Example of Data Structure
Section 6: Defining Data Elements
Each data element should be defined only once in the data dictionary.
- Element ID: optional identification number
- element name: unique and descriptive; derived from user environment
- aliases: synonyms or other names for the element, such as names used for the same element within different systems such as CUSTOMER NUMBER and CLIENT NUMBER
- general description of data element
- base or derived element: base elements are entered into the system, derived elements are the result of calculations
- element length: stored length
- element type: numeric, date, alphabetic, alphanumeric
- input and output format: edit mask indicating how data is presented
- validation criteria: range of values, possible values, code list
- default values: value that the element assumes if no other is supplied
- used by: data structures and data stores in which the element is used

Example of Data Element
Section 7: Defining Data Stores
Data stores are created for each different data entity being stored. A data store is required whenever data elements and data structures are grouped together to form a structural record that must be retained for some period of time. A data store is created for each unique structural record.

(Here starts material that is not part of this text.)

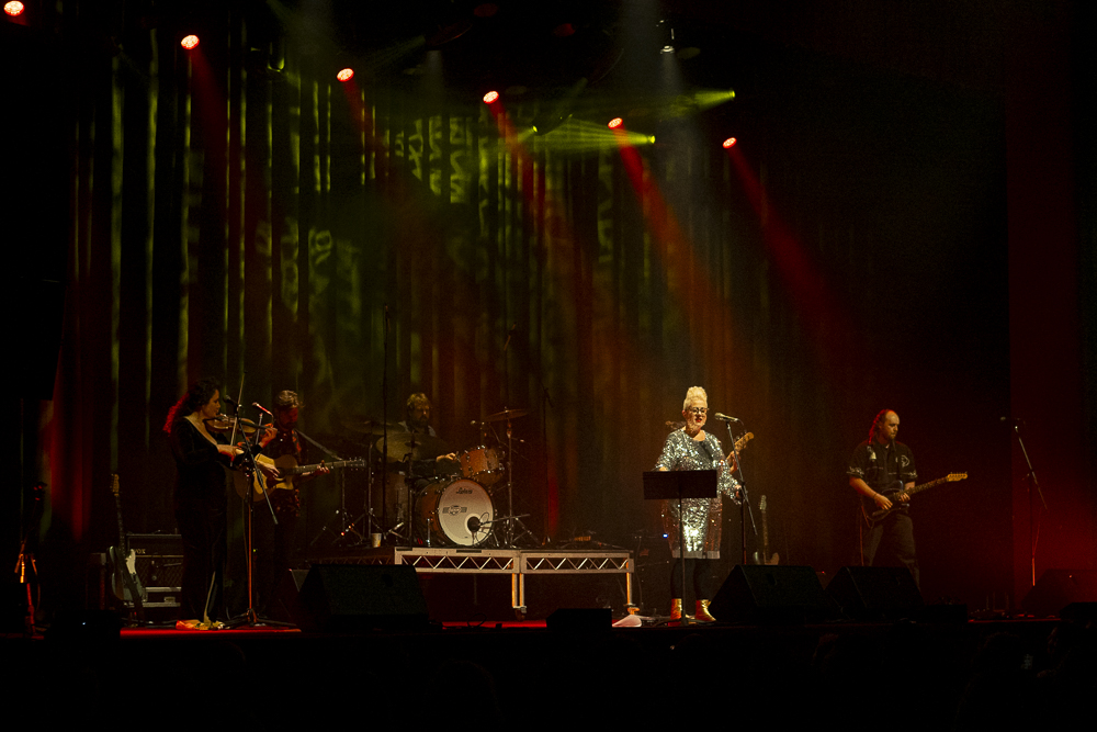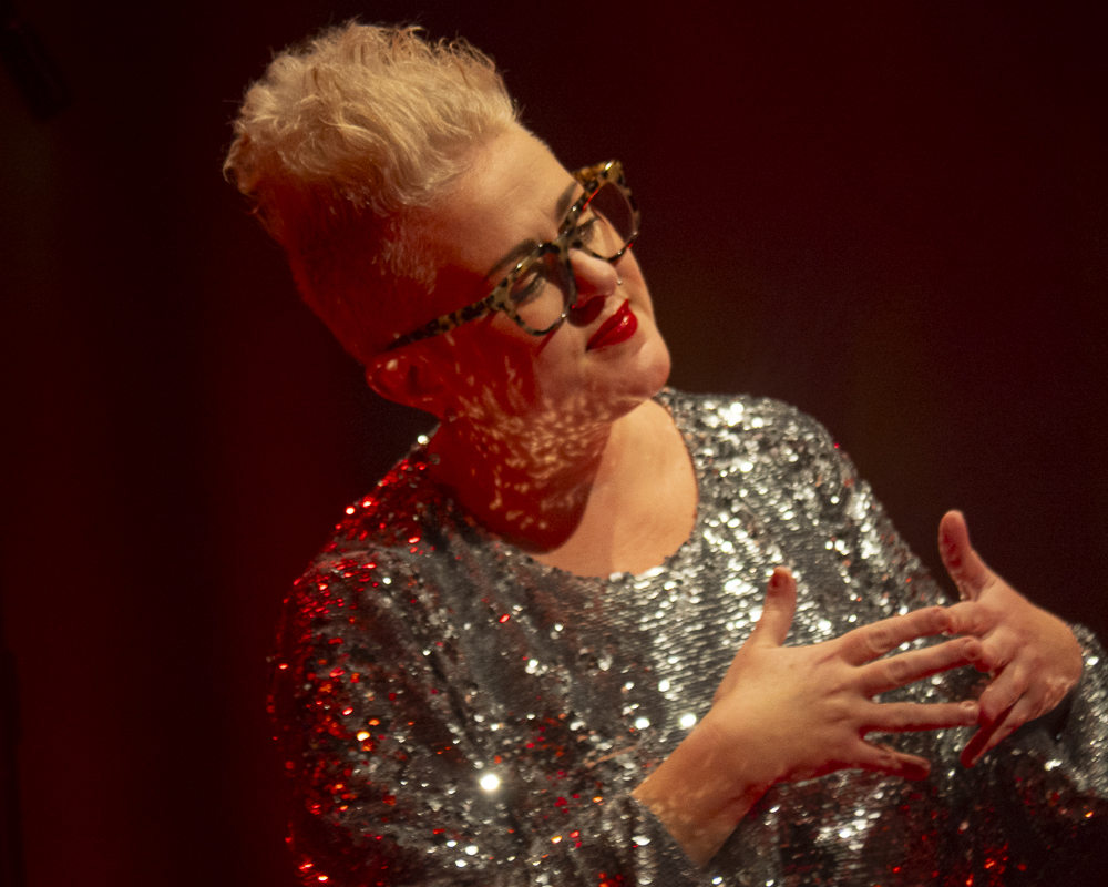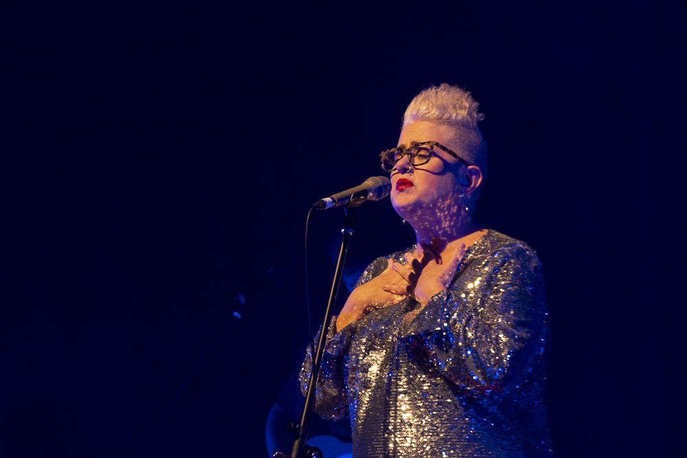 Katie Noonan emerged on stage in a silver sequinned number and chic blonde mohawk. Her presence itself exuded theatre. Opening with the gorgeous Mojo Pin, Noonan and the band held their composure during some slight feedback issues, which were swiftly rectified.

- ID: optional identification number
- data store name: should be unique and descriptive
- alias: synonyms or other names for the data store
- general description of data store
- file type: manual or computerized
- file format: flat file or database file
- size: maximum or average number of records
- file name: name of actual file, if known
- content: data elements and data structures that make up the data store
- data flows in and out

Example of Data Store
Section 8: Benefits
- The ideal data dictionary is automated, interactive, and evolutionary.
- As the analyst learns about the organization's systems, data are added to the data dictionary.
- Automated data dictionaries allow dramatic improvements in the upkeep of documentation.
- If begun early, a data dictionary can save many hours of time in the analysis and design phases (especially in large projects).
- The data dictionary is one common source in the organization for answering questions and settling disputes about any aspect of data definition.
- A current data dictionary can serve as an excellent reference for maintenance efforts on unfamiliar systems.
- Automated data dictionaries can serve as references for both people and programs.